Employee Benefits Security Administration (EBSA), Department of Labor.

ACTION:

Notice.

SUMMARY:

The Department of Labor (the Department), in accordance with the Paperwork Reduction Act, provides the general public and Federal agencies with an opportunity to comment on proposed and continuing collections of information. This helps the Department assess the impact of its information collection requirements and minimize the public's reporting burden. It also helps the public understand the Department's information collection requirements and provide the requested data in the desired format. The Employee Benefits Security Administration (EBSA) is soliciting comments on the proposed extension of the information collection requests (ICRs) contained in the documents described below. A copy of the ICRs may be obtained by contacting the office listed in the ADDRESSES section of this notice. ICRs also are available at reginfo.gov ( http://www.reginfo.gov/public/do/PRAMain ).

DATES:

Written comments must be submitted to the office shown in the ADDRESSES section on or before February 11, 2022.

ADDRESSES:

James Butikofer, Department of Labor, Employee Benefits Security Administration, 200 Constitution Avenue NW, Room N-5718, Washington, DC 20210, or ebsa.opr@dol.gov.

SUPPLEMENTARY INFORMATION:

I. Current Actions

This notice requests public comment on the Department's request for extension of the Office of Management and Budget's (OMB) approval of ICRs contained in the rules and prohibited transaction exemptions described below. The Department is not proposing any changes to the existing ICRs at this time. An agency may not conduct or sponsor, and a person is not required to respond to, an information collection unless it displays a valid OMB control number. A summary of the ICRs and the current burden estimates follows:

Agency: Employee Benefits Security Administration, Department of Labor.

Title: Affordable Care Act Grandfathered Health Plan Disclosure, Recordkeeping Requirement, and Change in Carrier Disclosure.

Type of Review: Extension of a currently approved collection of information.

OMB Number: 1210-0140.

Affected Public: Businesses or other for-profits, Not-for-profit institutions.

Respondents: 536,452.

Responses: 10,770,984.

Estimated Total Burden Hours: 1,183.

Estimated Total Burden Cost (Operating and Maintenance): $204,654.

Description: The Patient Protection and Affordable Care Act, Public Law 111-148 (the Affordable Care Act or the Act) was enacted on March 23, 2010. Section 1251 of the Act provides that certain plans and health insurance coverage in existence as of March 23, 2010, known as grandfathered health plans, are not required to comply with certain statutory provisions in the Act. On June 17, 2010, the Departments issued interim final regulations implementing section 1251 and requesting comment. On November 17, 2010, the Departments issued an amendment to the interim final regulations to permit certain changes in policies, certificates, or contracts of insurance without loss of grandfathered status. On November 18, 2015, the Departments issued final regulations that continue the information collections contained in the interim final regulations (29 CFR 2590.715-1251(a)(3)(i), 29 CFR 2590.715-1251(a)(2), 29 CFR 2590.715-1251(a)(3)(i)).

To maintain its status as a grandfathered health plan, plans must maintain records documenting the terms of the plan in effect on March 23, 2010, and any other documents that are necessary to verify, explain, or clarify status as a grandfathered health plan.
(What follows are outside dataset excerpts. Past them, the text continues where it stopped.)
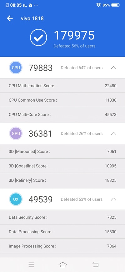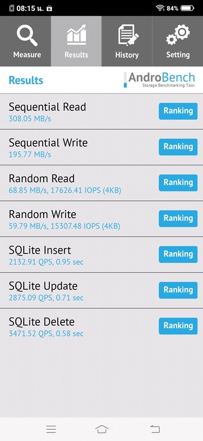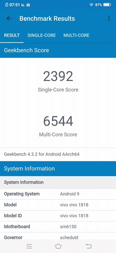 ผลการทดสอบ Antutu ได้ไป 179975 คะแนน ส่วนคะแนน Geekbench นั้นทำไป 2392 (Single-Core) และ 6544 (Multi-Core) ส่วนหน่วยความจำที่ทดสอบผ่าน Androbench ก็มีความเร็วในการอ่าน 308 MB/s และเขียน 195 MB/s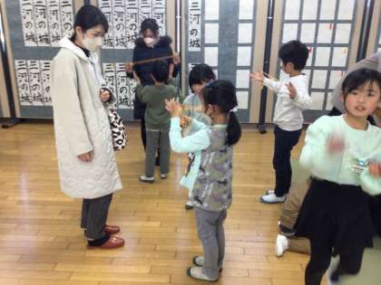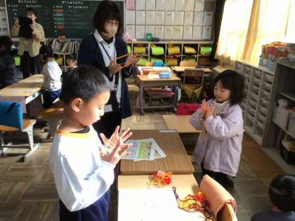 1年生は、保護者のみなさんと「むかしあそび」を楽しみました。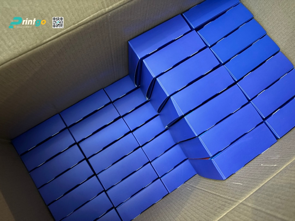 Để tạo nên sự vững chãi đó, Printgo sử dụng Carton lạnh làm cốt lõi. Đây là vật liệu giấy cao cấp được nén ở mật độ cao, tạo nên một kết cấu cứng cáp tuyệt đối. Tác dụng của nó là định hình phom dáng hộp một cách vuông vức, sắc cạnh, không bị ọp ẹp hay cong vênh, ngay cả khi vận chuyển đường dài quốc tế. Lớp "áo" bên ngoài được bồi bằng giấy Couche. Với bề mặt láng mịn, bắt mực hoàn hảo lý tưởng để tái hiện các mảng màu xanh, cam một cách chuẩn xác, đồng thời đủ dẻo dai để bồi lên cốt carton mà không làm gãy hay rạn bề mặt.

The plan must make such records available for examination upon request by participants, beneficiaries, individual policy subscribers, or a State or Federal agency official.
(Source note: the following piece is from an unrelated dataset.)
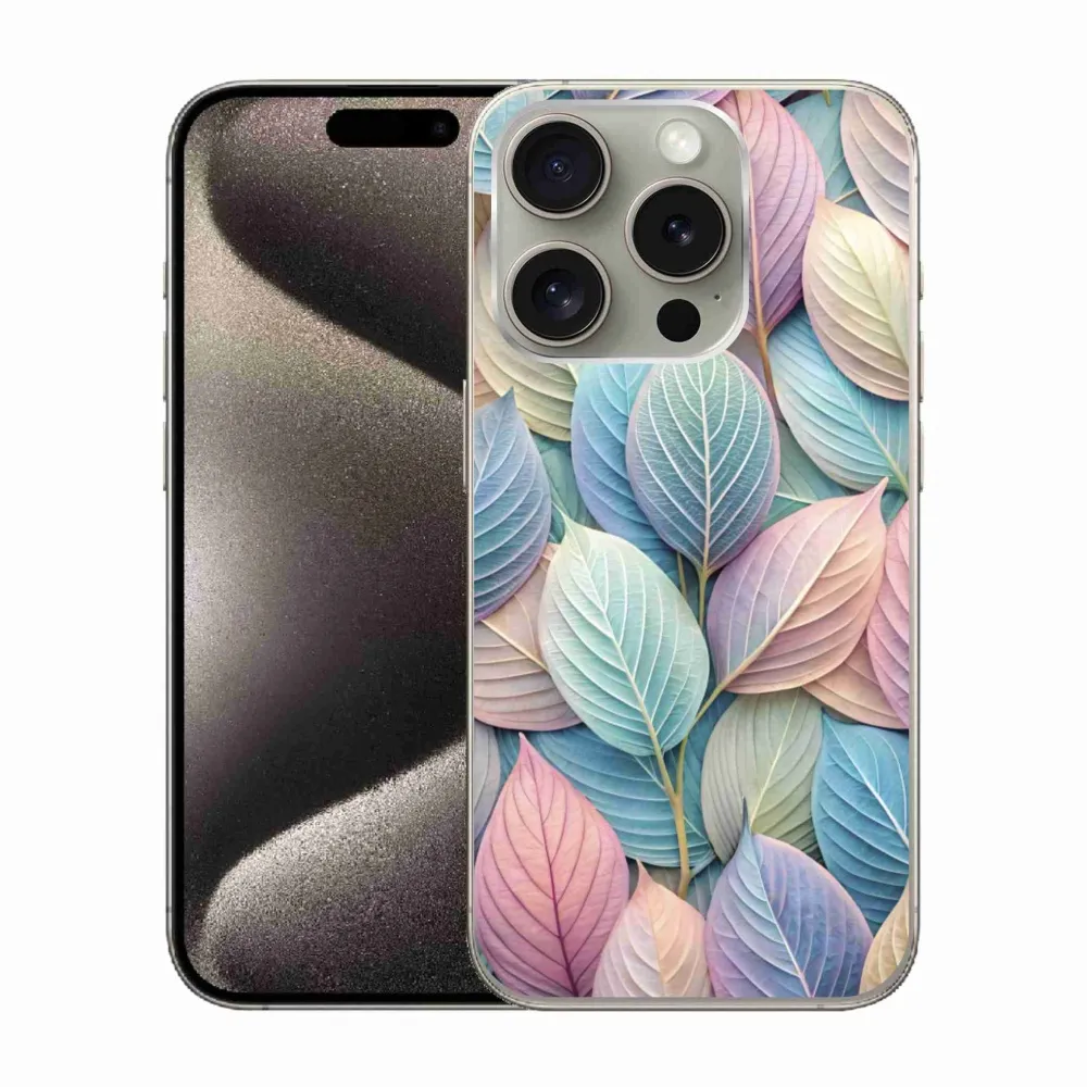 Pouzdro na iPhone 15 Pro - pastelové listy poskytuje všechny výhody gelových obalů, a to v zajímavém designu.

In addition, grandfathered health plans must include a statement in plan materials provided to participants or beneficiaries describing the benefits provided under the plan or health insurance coverage, that the plan or coverage believes it is a grandfathered health plan within the meaning of section 1251 of the Affordable Care Act, that being a grandfathered health plan means that the plan does not include certain consumer protections of the Affordable Care Act, providing contact information for participants to direct questions regarding which protections apply and which protections do not apply to a grandfathered health plan, and what might cause a plan to change from grandfathered health plan status and to file complaints. However, grandfathered health plans are not required to provide the disclosure statement every time they send out a communication, such as an explanation of benefits, to a participant or beneficiary. Instead, grandfathered health plans will comply with this disclosure requirement if they includes the model disclosure language provided in the Departments' interim final grandfather regulations (or a similar statement) whenever a summary of the benefits under the plan is provided to participants and beneficiaries.
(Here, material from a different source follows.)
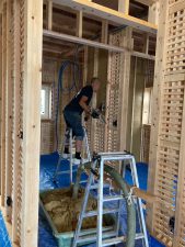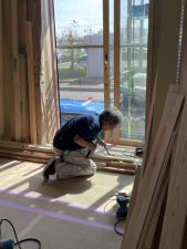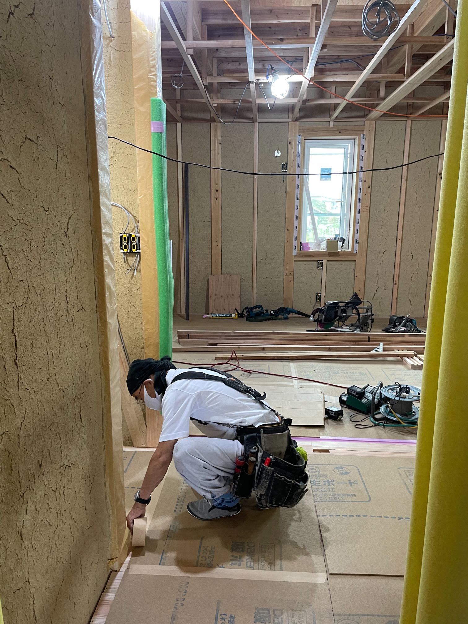 今日は新人のo本監督が床下掃除を行っています。施工中に出た木くずや釘などがない様、しっかりチェックしていきます。。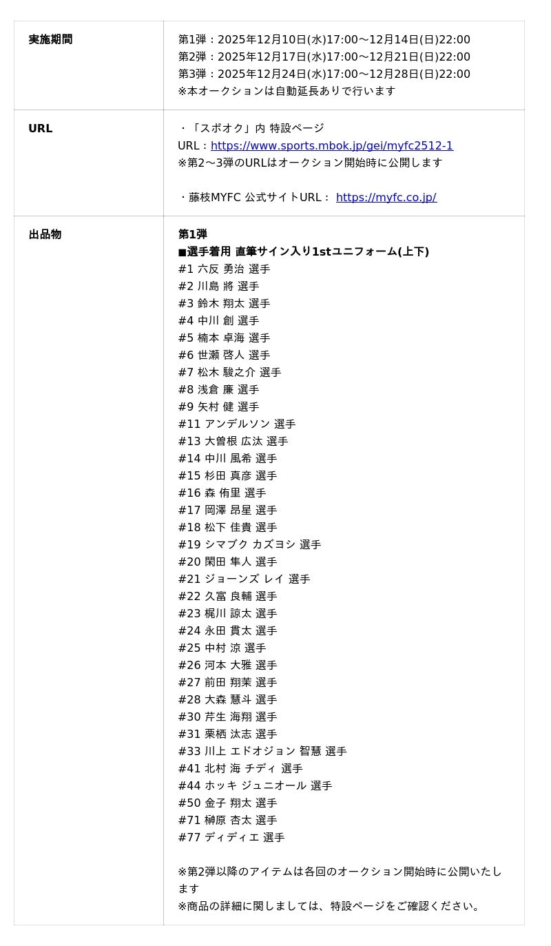 【藤枝MYFC 2025 SEASON THANKS UNIFORM AUCTION 概要】

Grandfathered group health plans that change health insurance issuers must also provide the succeeding health insurance issuer (and the succeeding health insurance issuer must require) documentation of plan terms (including benefits, cost sharing, employer contributions, and annual limits) under the prior health insurance coverage sufficient to make a determination whether the standards of paragraph (g)(1) of the final regulations are exceeded. The Department has received approval from OMB for this ICR under OMB Control No. 1210-0140. The current approval is scheduled to expire on May 31, 2022.

Agency: Employee Benefits Security Administration, Department of Labor.

Title: Affordable Care Act Advance Notice of Rescission.

Type of Review: Extension of a currently approved collection of information.

OMB Number: 1210-0141.

Affected Public: Not-for-profit institutions, Businesses or other for-profits.

Respondents: 100.

Responses: 1,504.

Estimated Total Burden Hours: 18.

Estimated Total Burden Cost (Operating and Maintenance): $196.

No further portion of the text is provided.